Things can change quickly, you have a single game, and in a doubles tournament, you have 5 frames, or 5 shots basically if you bowl the one game. You can get faked out in practice, and just getting a bad hit doesn't mean instantly make a big adjustment. If you didn't see the adjustments Butturff made, then you weren't looking very closely, just because he stayed in the same area didn't mean he wasn't making adjustments, and especially on the left side you quite often have to figure out how to play the same zone or area a different way. We don't have all the free hook and midlane stability the right side has.
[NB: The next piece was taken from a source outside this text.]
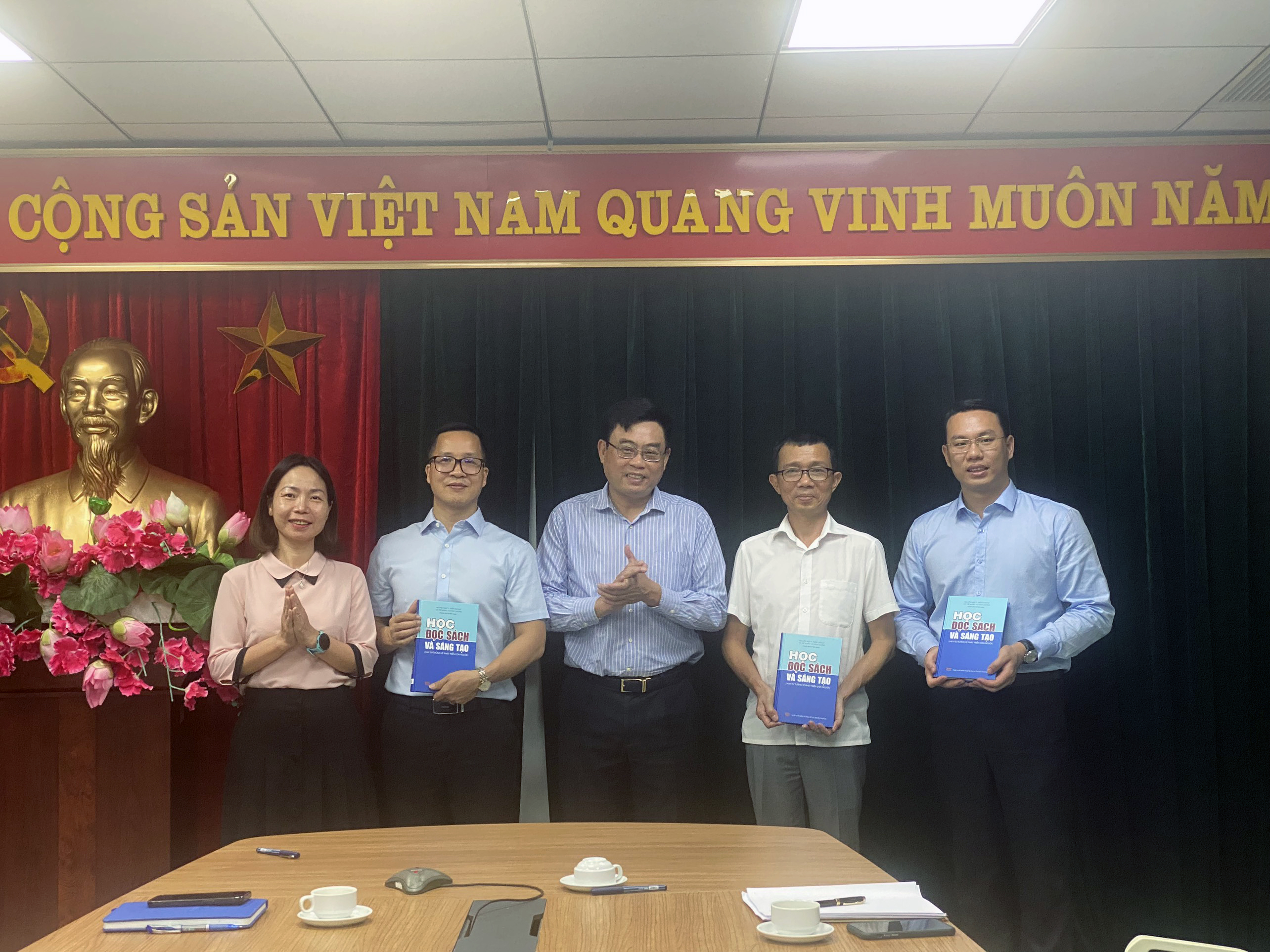 Lãnh đạo Nhà xuất bản trao tặng Lãnh đạo và cán bộ Viện Nghiên cứu Lịch sử và Văn hóa Việt cuốn sách "Học - Đọc sách và sáng tạo" do NXB vừa xuất bản

This happened to me in league last night, and it took 7 frames of me making adjustments and trying to figure it out before I had to move. Tried a few balls out in practice, last few shots found something solid, started with that ball. First frame was a hard wrap 7, that's not something to adjust on, 2nd frame was a strike, 3rd frame was another hard wrap 7, ok maybe we do something different on that lane next time. 4th frame was a flat 7, so maybe we're already seeing the lanes settle down, time to do something. Slowed my speed down in the 5th frame, looked better, strike. Did the same thing in the 6th frame, but got it in a little, ball takes off for a 2-4-7-8, great. 7 frame, went from a solid strike right to a weak 7-10, so I finally decided to get out of the ball.
So 9/, X, 9/, 9/, X, 63, X, 7-10 and nothing to show for 6 great shots and one marginal one because apparently I got faked out in practice. On tv, your day is done at that point, and in the context of the doubles tournament, I'd have left a couple wrap 7s and a flat 7 on 5 great shots during which I made an adjustment and been done because I either got a bad read in practice or transition started at the wrong time. Butters made at least two adjustments in those 5 frames, and just didn't get the hits, so I don't get the take on any of this at all.
Sometimes I don't like what I see. I"ve watched Belmo, Simonson, and now Maldanado, throw away a tournament by trying to use a urethane ball when it was obvious even to an amateur that was not the right ball to be trying to use. This week DJ Archer spent the whole game trying to find a ball when it was obvious he needed to down grade his ball a bunch, not one at a time.
According to the most recent Brad and Kyle vlog; Brad walks us into the area where the TV pair is located and it is completely separate (different part of the building) from the lanes where they did the qualifying and match play. By his own admission he states they play pretty different but it was urethane that got Maldo and Osku to the TV finals. But I was shocked to see him using a "weak" urethane on the longer of the two patterns. Conversely; Sterner used an Infamous on the same lane and his look was terrible as well.
My question....is where were the ball reps during warmups and what were they seeing that led to them picking the Black Hammer and Proton for Maldo and Archer? What was the ball rep seeing that led to the Infamous as the ball of choice for Sterner? As good as Kent's look was (and he had room); I am surprised nobody tried to play on top of his line. Butturff has gotten to a point he is too reliant on the Purple Hammer. His look was not very good and he did not adjust one single time. Even after the first two flat 7 pins; Specto still showed his ball going over the 12 board the entire game. Kent and Tackett won simply because they played to their strengths (Kent playing straighter and Tackett wheeling on it from 4th-5th arrow).